# Help with Nutgrass in St Aug



## rbljack (Apr 8, 2018)

What would be your preferred herbicide to treat for Nutgrass in the summer (plus 90 degree daytime temps, but 80's in the early morning) on a St Augustine lawn, with some Bermuda mixed in. The St Aug is more sensitive to herbicides, so need to be careful to not kill it.

Thanks!


----------



## Greendoc (Mar 24, 2018)

Certainty or Sedgehammer applied broadcast with a non ionic surfactant is is non damaging as it gets.


----------



## erdons (Apr 3, 2018)

I bought the single packet of sedgehammer and applied it last Monday, mowed lawn on Friday, today still not 1 piece of nutsedge has popped back up.


----------



## CenlaLowell (Apr 21, 2017)

Be careful with those temperatures.

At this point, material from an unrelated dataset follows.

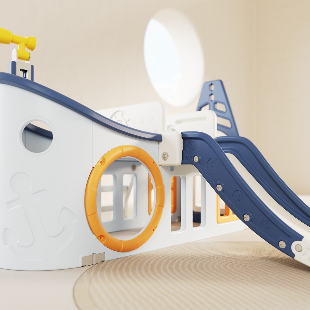 Игровой комплекс для детей с горкой UNIX Kids Pirate - совершенное сочетание развлечения, активности и безопасности! Это целый корабль призванный вдохновить и весело провести время Вашего малыша, предоставляя ему уникальную возможность исследовать, развиваться и играть.<br/><br/>Детский игровой комплекс включает в себя игровое трюмо, горку, дверь, подзорную трубу и баскетбольное кольцо.<br/><br/>Безопасность Вашего ребенка наша главная забота. Все детали игрового модуля с горкой и лазалками изготовлены из пищевого пластика 4-го класса — согласно классификации ГОСТ, гипоаллергенного и абсолютно безвредного даже для самых маленьких пользователей. Игровой комплекс оснащен устойчивой конструкцией и безопасными закругленными элементами без острых углов, чтобы предотвратить любые возможные травмы. Мы уделяем внимание каждой детали, чтобы не только защитить маленького исследователя, но и обеспечить ему комфортную поверхность для игры и движения.<br/><br/>Игровой комплекс для детей стимулирует активное движение, координацию, силу и баланс, помогая детям развить свои потенциалы и навыки. С детским комплексом с горкой, малыш будет весело проводить время, а также развивать фантазию! <br/><br/>Детский комплекс игровой легко устанавливается как в доме, так и на улице. Игровой комплекс для дома занимает минимум места и благодаря стильным цветам легко сочетается с различными интерьерами. <br/><br/>Подарите своим малышам незабываемые моменты радости и веселья с игровым детским комплексом с горкой для дома и улицы!

There were some people saying, can't remember what thread, that you needed to have a good week of weather temps to not burn St Augustine.


----------



## Greendoc (Mar 24, 2018)

Sedgehammer and Certainty are pretty safe even in the heat. The ones you do not want to be applying to St Augustine in hot weather include Trimec, Dismiss, or Speedzone.


----------



## Ecks from Tex (Apr 26, 2018)

Halosulfuron-methyl (Sedgehammer) is your best option if you must spray. In my experience, it might slightly yellow st. aug in 95+ degree temperatures, but the grass will recover. As greendoc said, don't apply something like dismiss with sulfentrazone, as it will burn for sure.


----------



## FlaDave (Jul 10, 2018)

I've used sedgehammer in those temps with no issues, I like to spray it in the evening when the temps are going down.


----------



## rbljack (Apr 8, 2018)

Gotcha...thanks yall. I have certainty, so will try that, and will NOT use the blindside. If memory serves correct, BL has Sulfentrazone, plus another chemical.


----------



## Greendoc (Mar 24, 2018)

Blindside is Sulfentrazone+Metsulfuron Methyl. Ok for use in winter and spring. Not a combination I would apply in 90 degree weather.


----------